Walking out, Courtney said people she had overheard thought Blue’s motor skills etc. were a gimmick at first. I thought that was funny. I talked about the jokes I really enjoyed, among them the one about the contagious CP.
“These jokes came about because somebody had to say that,” I said. “Maybe not in that setting, but they said it.”
Yes, well, Courtney said, it’s not contagious, but isn’t it genetic?
No. I explained what causes CP, that it was kind of a luck of the draw; that people I know have worse CP based on smaller hemmorages, or with the same gestational periods. I’ve joked about many of these things with Courtney and others, and explained to a few people.

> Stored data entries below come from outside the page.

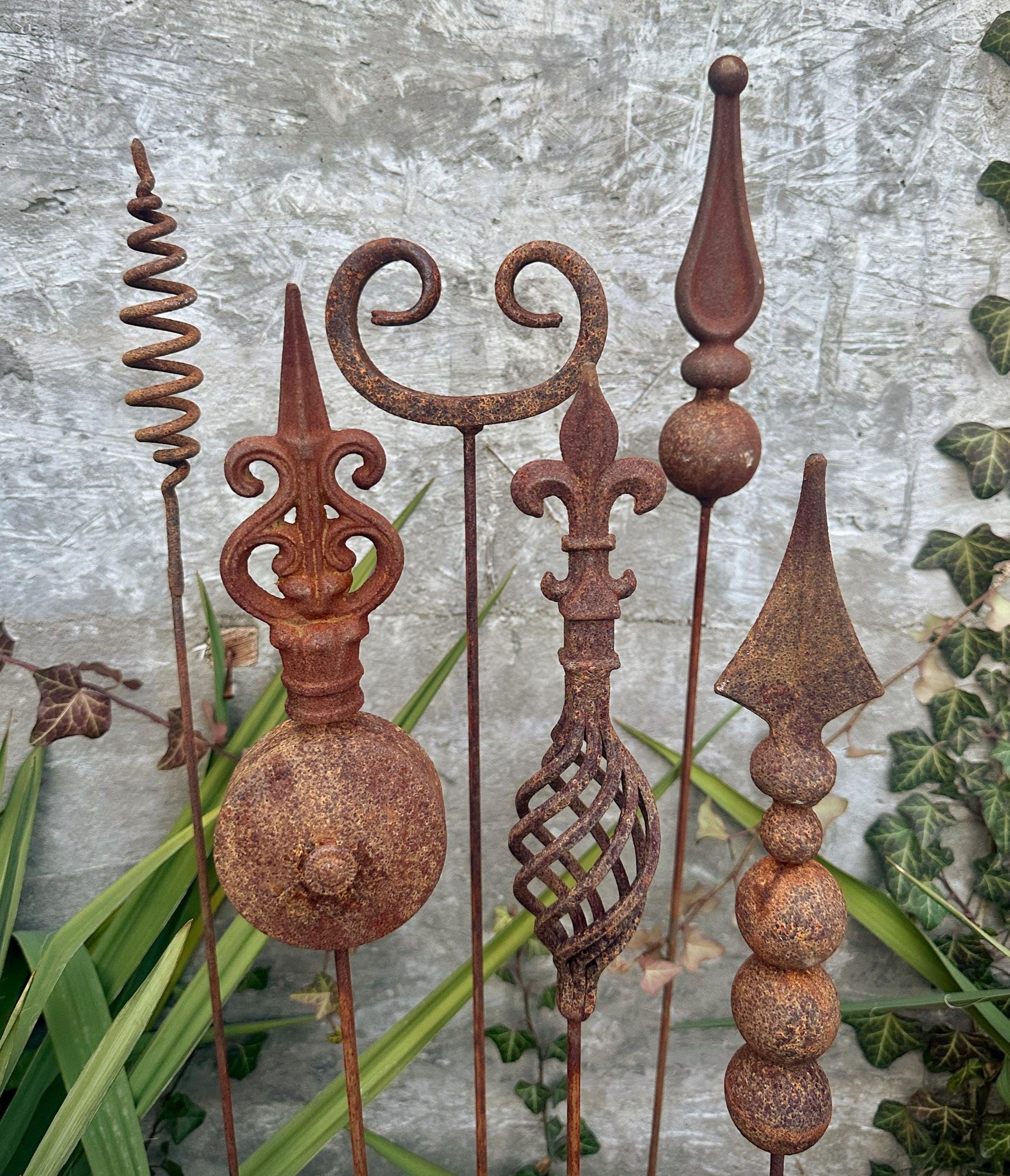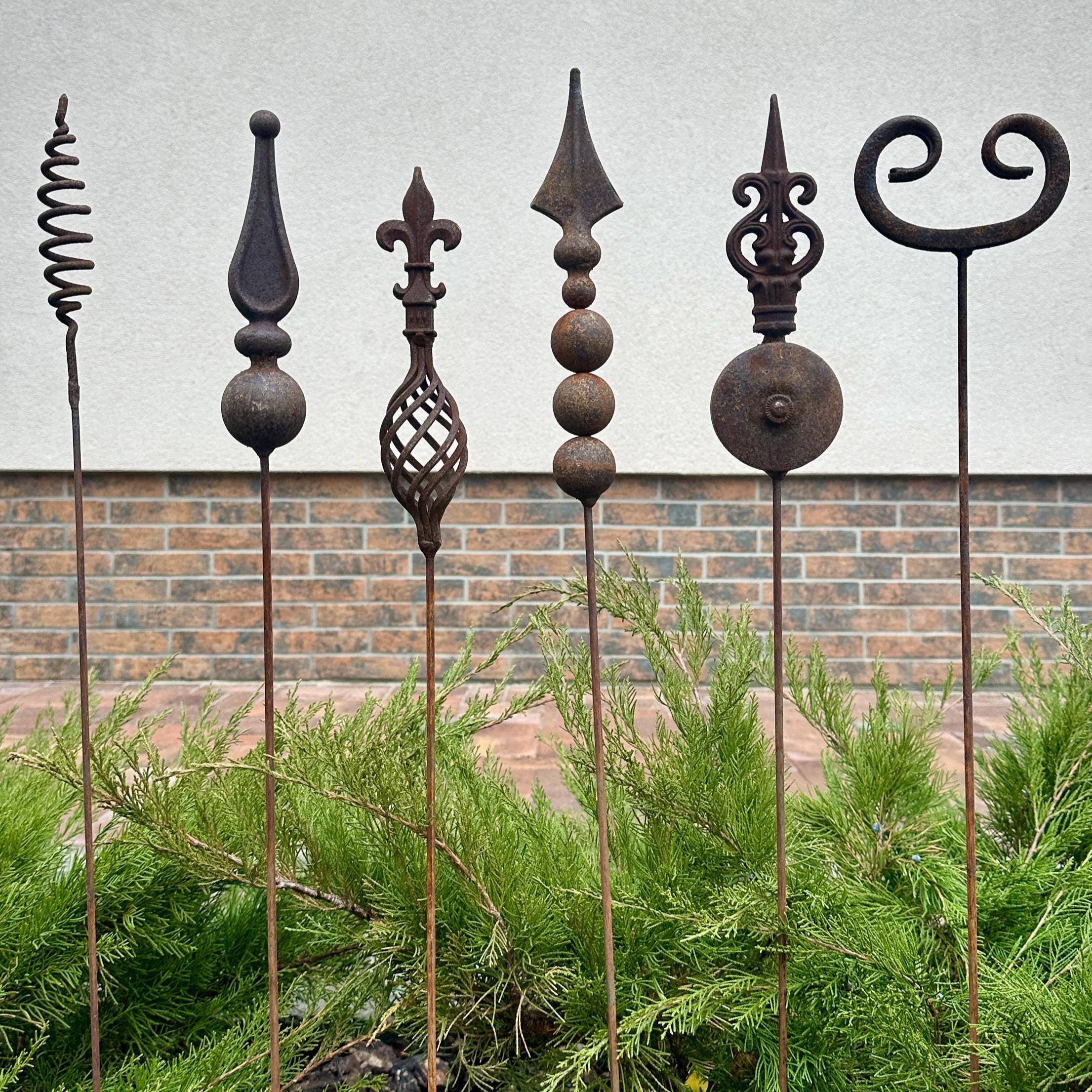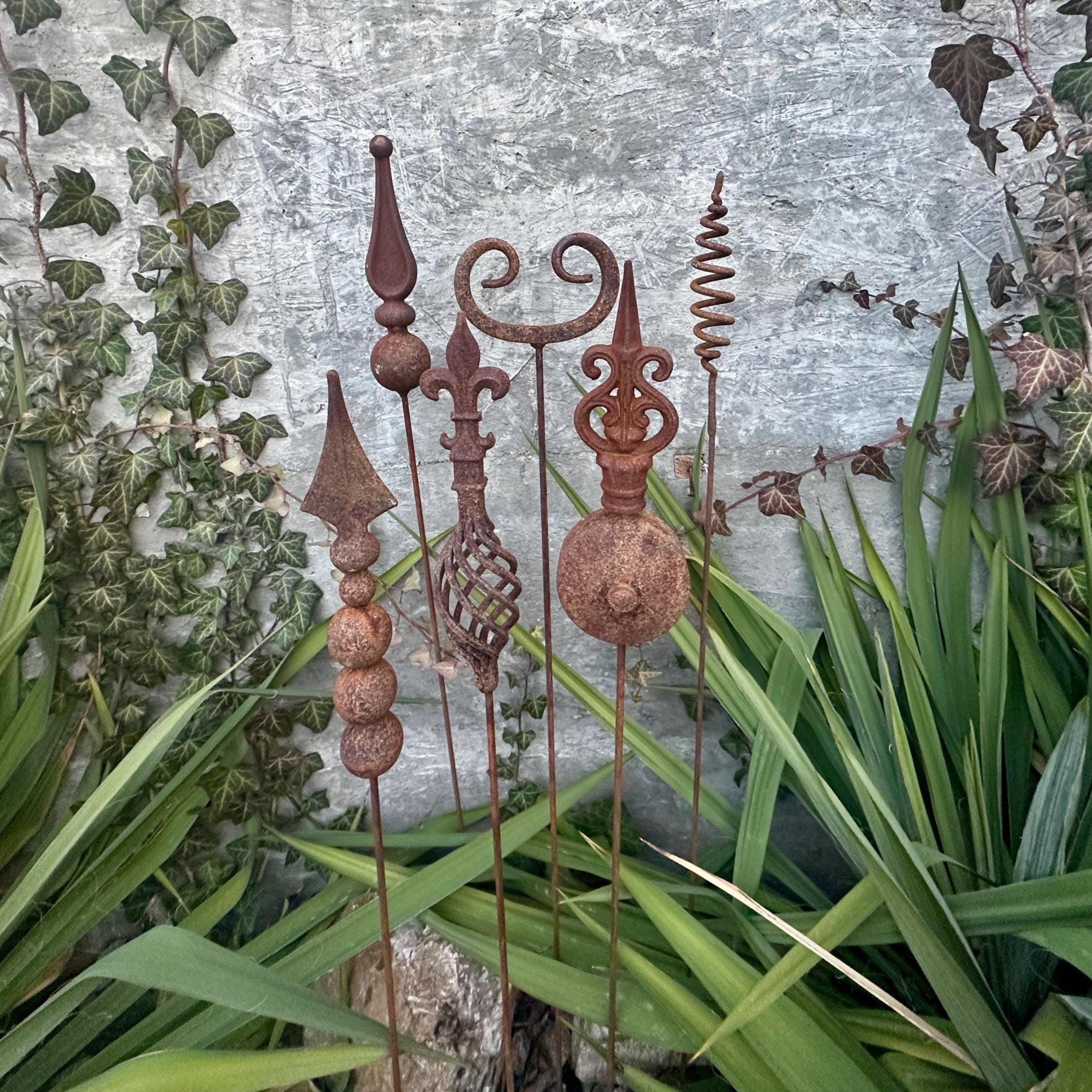 Add charm and character to your outdoor space with this set of 6 rustic, handcrafted metal finials. Perfect for enhancing garden compositions and landscapes, these decorative accents create a cosy and romantic atmosphere in any setting.
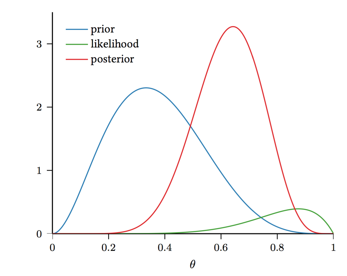 A natural choice for the prior \(P(\theta\)) is the Beta distribution: \begin{align} P(\theta) = \frac{\theta^{\alpha - 1}(1 - \theta)^{\beta - 1}}{B(\alpha, \beta)} \end{align} where \(B(\alpha, \beta) = \frac{\Gamma(\alpha) \Gamma(\beta)}{\Gamma(\alpha+\beta)}\) is the normalization constant (if this looks scary don't worry about it, it is just there to make sure everything sums to \(1\) and to scare children at Halloween). Note that here we only need a distribution over a single binary random variable \(\theta\). (The multivariate generalization of the Beta distribution is the Dirichlet distribution.)
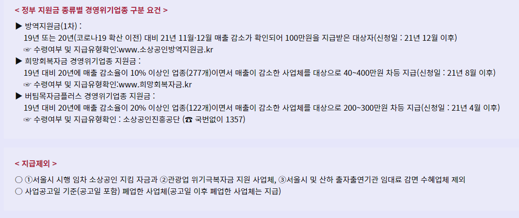 - 정부 방역지원금(1차) 수령으로 매출감소가 확인되는 대상자 중
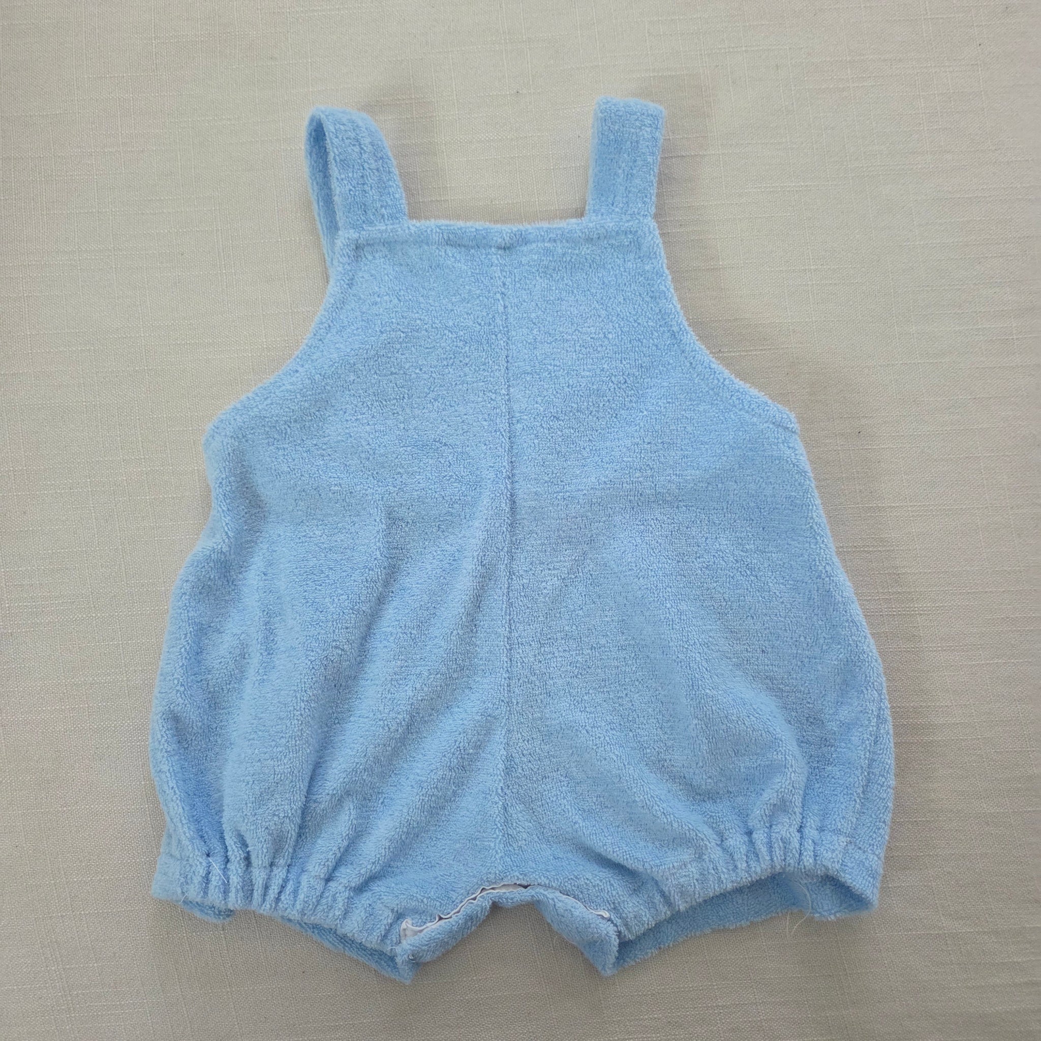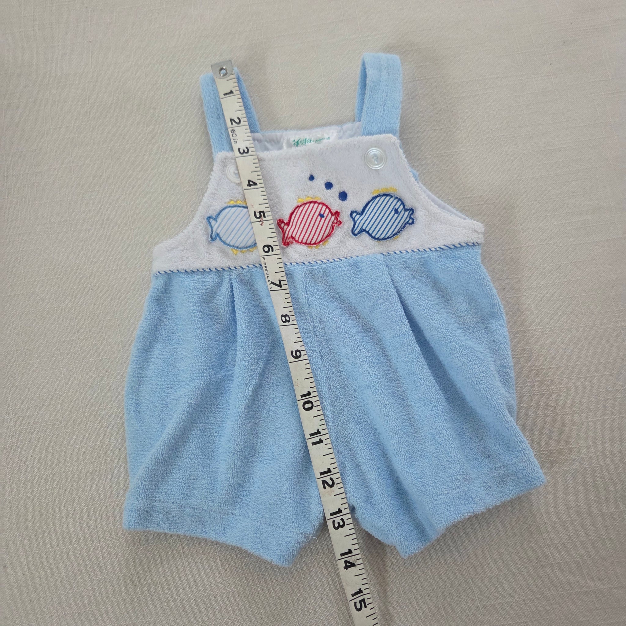 Vintage Tiny Tots blue terrycloth bubble romper with fish embroidery on chest! Please see all photos for condition and measurements
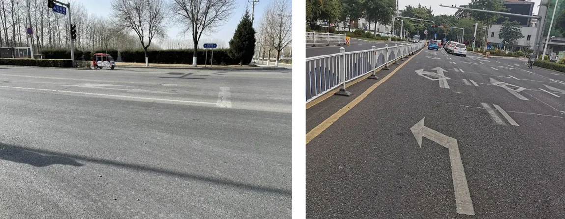 (2)车道线过度磨损或被遮挡、覆盖、消失,新旧标线重叠,因道路施工临时调整或变化迅速(例如,车道分叉、横穿或合并)。
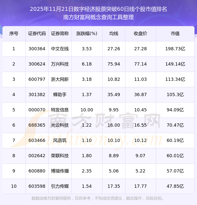 根據(jù)南方財富網(wǎng)概念查詢工具數(shù)據(jù)統(tǒng)計,截止2025年11月21日收盤,數(shù)字經(jīng)濟(jì)股票共有10只個股收盤價向上突破了60日線。其中市值較大的個股有中文在線、萬興科技、浙大網(wǎng)新等,市值分別為198.73億、149.14億、113.34億。
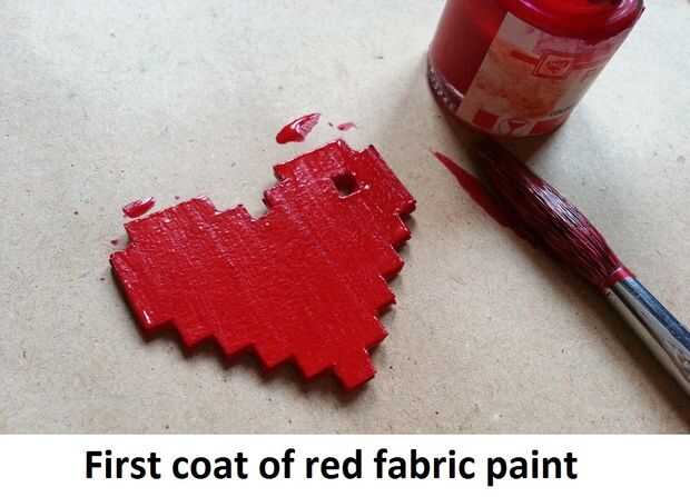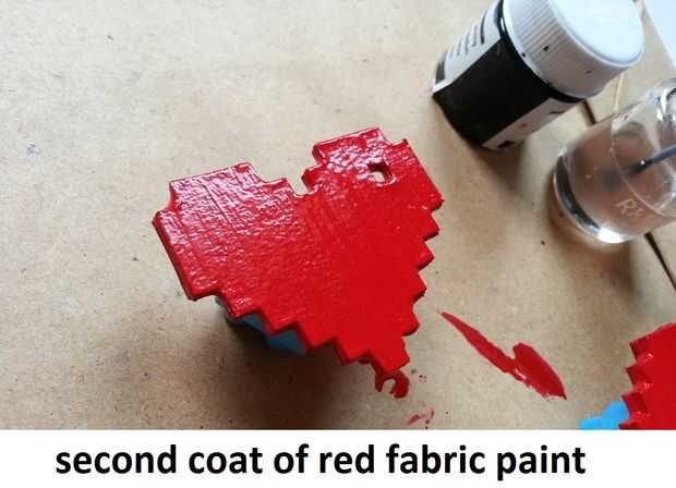 Aplicar al menos 2 capas de pintura de tela roja en el colgante del corazón, asegúrese de que la pintura uniformemente por todos lados,

I hadn’t thought to explain further, because I assumed everyone knew by now.
But this makes me wonder. I enjoyed the jokes that dealt with ordinary life, but I enjoyed the disabled jokes because they sounded similar to things I’ve said or that people have told me about their disabilities. Funny stories. I enjoyed them because I identified with them…just as a comedian talking about tools would work well with construction workers. Misunderstandings, benefits, discrimination, being taken for retarded etc. all make sense.
Based just on the small sample overheard in the lobby, people clearly enjoyed the show, but how many understood it? Comedy, I suppose, could bridge a gap in demonstrating that people with disabilities can actually exist in society as complete people. But there’s an anthropology project.
In short, it was a great show. I would definitely go to a Josh Blue show again or any other disabled comedians provided I run across any, and I will have to try another show at that theatre…food, tickets were reasonable, and some shows are much cheaper than that one.